◆ **Extracted records**:
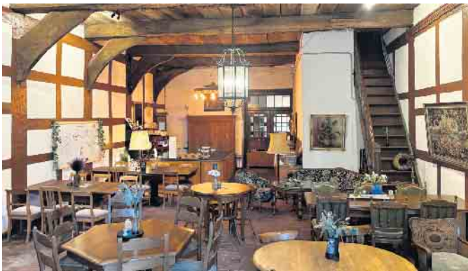
Historisches Kleinod und überaus gemütlich: Das Dielencafé in einem alten Fachwerkgebäude bietet nicht nur Schutz bei schlechtem Wetter, sondern auch viele spannende Details aus längst vergangenen Tagen zu entdecken.

Lukas Hofcafé in Húde bietet leckeres Frühstück, selbstgebackene Kuchen, Bio-Kaffee und ein historisch-rustikales Wohlfühl-Ambiente
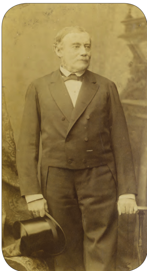
■ Fabiny Teofil (1822–1908) jogász, igazságügy-miniszter (1886–1889)

rendes telekkönyvi betétekké való átalakítása, másrészt ezzel kapcsolatban a földadókönyvvel és a kataszteri munkálatok adataival való kiegészítése és ennél fogva egyrészt a jogbiztonság megállapítása, másrészt az ingatlan hitelképességének emelése.” Mohay Sándor (Gyulafehérvár város) felszólalásában örömmel fogadta a törvényjavaslatot, ám egyúttal sajnálatát is kifejezte amiatt, hogy a rendezés a bányabirtokokat és így a bányatelekkönyveket nem érinti, pedig ezek adminisztrációja is hanyagul volt vezetve.
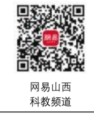
网易山西 科教频道
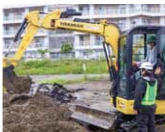
赤坂建設株式会社

現場や企業の実際に触れ、専門的な知識・技術・技能を実践的、体験的に習得し、地域産業に貢献できる人材を育成することを目的に、2年生でインターンシップ(職場体験)、3年生でデュアルシステム(企業実習)を行っています。
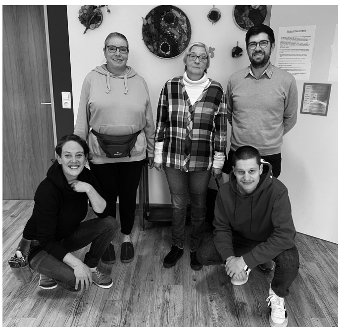
Besucher und MitarbeiterInnen der Begegnungsstätte für psychisch kranke Menschen hoffen auf Spenden für die notwendige Raumerweiterung.

Verwendungszweck: P29186 - Erweiterung Begegnungsstätte für psychisch kranke Menschen
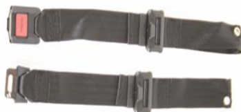
XFF 090018 Pas stabilizujący z metalową klamrą
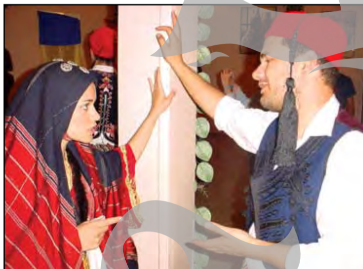
► Ultimele amănunte coregrafice sunt puse la punct. “Știi ce ai de făcut...”, pare a spune artista din Grecia. “Bine, bine, dar cu Zorba cum rămâne?”
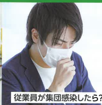
従業員が集団感染したら?
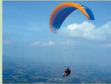
Vol en parapente

tracée dans la fougèraie qui domine une ancienne carrière. Puis à gauche entre les blocs.

◆ **How to complete this task**: Going through the entries above, count each line that has the word "kranke" and report only the count.

◆ **Exercise response**: 2